As expressed in the law’s text, the motivation behind the legislation is to bring regulation to an industry that has been largely unregulated and address abuses directed toward temporary workers.  Unions and worker’s rights advocates are celebrating the law’s passage.  Temporary staffing agencies and their clients oppose the bill and continue to express their strong concerns because several of the law’s provisions are likely to create significant financial hardship and confusion upon implementation.    

The law contains more than ten separate sections creating new mandates related to employee disclosure, recordkeeping, registration, transportation, and other categories.  These disclosure and notification requirements and related penalties can apply to temporary staffing agencies as well as their clients.

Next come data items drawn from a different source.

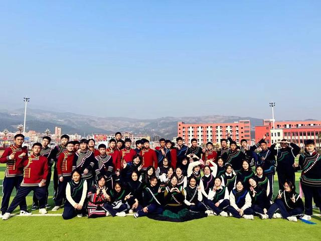 “老师,我们先暂停一下。”演出至一半,全班同学脱掉校服,换上了彝族服饰,用更有仪式感的形式为谢梦淋献上了一条“英雄带”。
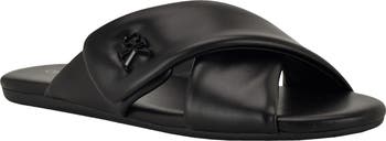 Tonal logo hardware shines atop the crisscrossing straps of a slide sandal that's a sophisticated go-to style.
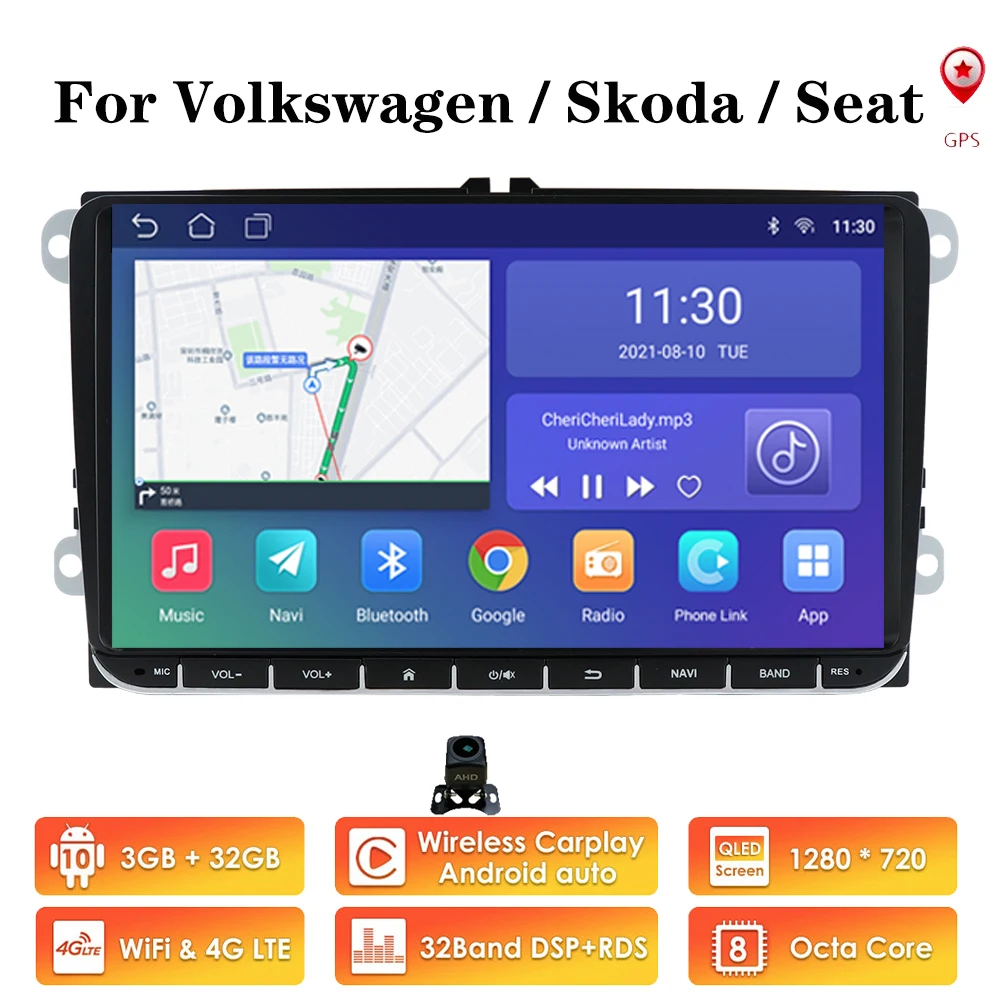 Автомобильный GPS-навигатор, мультимедийная система на Android 10, с 9 "экраном, Wi-Fi, для POLO GOLF 5, 6, PASSAT B6, CC, TIGUAN, SCIROCCO, CADDY, типоразмер 2DIN
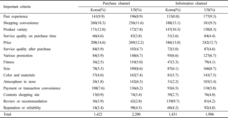 한국과 미국 소비자들은 의류를 구매할 구입채널을 선택할 때 고려하는 중요한 선택기준이 유사한 것으로 나타났다. 한국의 소비자의 경우 구입 채널 선택 시 쇼핑 편리성을 가장 중요한 요인으로 생각하고 있었고, 그 다음으로는 가격과 과거의 경험이 중요한 선택기준이었다. 미국 소비자의 경우는 가격이 가장 중요한 구입채널 선택기준인 것으로 나타났고, 그 다음으로는 쇼핑 편리성, 과거의 경험 순으로 중요하게 여기고 있었다.

In addition to new disclosure and recordkeeping requirements that will increase agencies’ and clients’ operating costs, the law prohibits both the temporary staffing agency and the client from charging the temporary employees for transportation to and from worksites.  Similarly, agencies cannot charge workers for meals or equipment if those charges cause wages to fall below minimum wage.   Temporary staffing agencies are also required to employ personnel, or work with personnel, who can effectively communicate with temporary workers in their native language. 

The law limits the amount a temporary staffing agency can charge when a worker transitions to a client’s payroll.  Further, the law requires temporary workers to receive the same rate of pay and benefits as a client’s direct employees working the same position.

Although temporary staffing companies are already required to register with the State, this law appears to increase the costs associated with that registration process.  It is not clear yet how the current registration process and new registration process may differ beyond the higher fees and insurance requirements.  The State will maintain a list of properly registered temporary staffing companies and clients who work with unregistered or suspended temporary staffing companies will face penalties.

The law permits employees to dictate their pay schedule.  In other words, the temporary workers have the ability to tell the staffing agency whether they want to be paid weekly, bi-weekly, or otherwise.  Staffing agencies will need to determine whether their payroll systems can provide for this type of flexibility.

Each of these provisions will result in additional costs to both staffing agencies and their clients.

Temporary staffing agencies, their clients, and those third parties working with them should prepare to devote resources, time and attention to making sure they are ready to implement the many reforms within this law.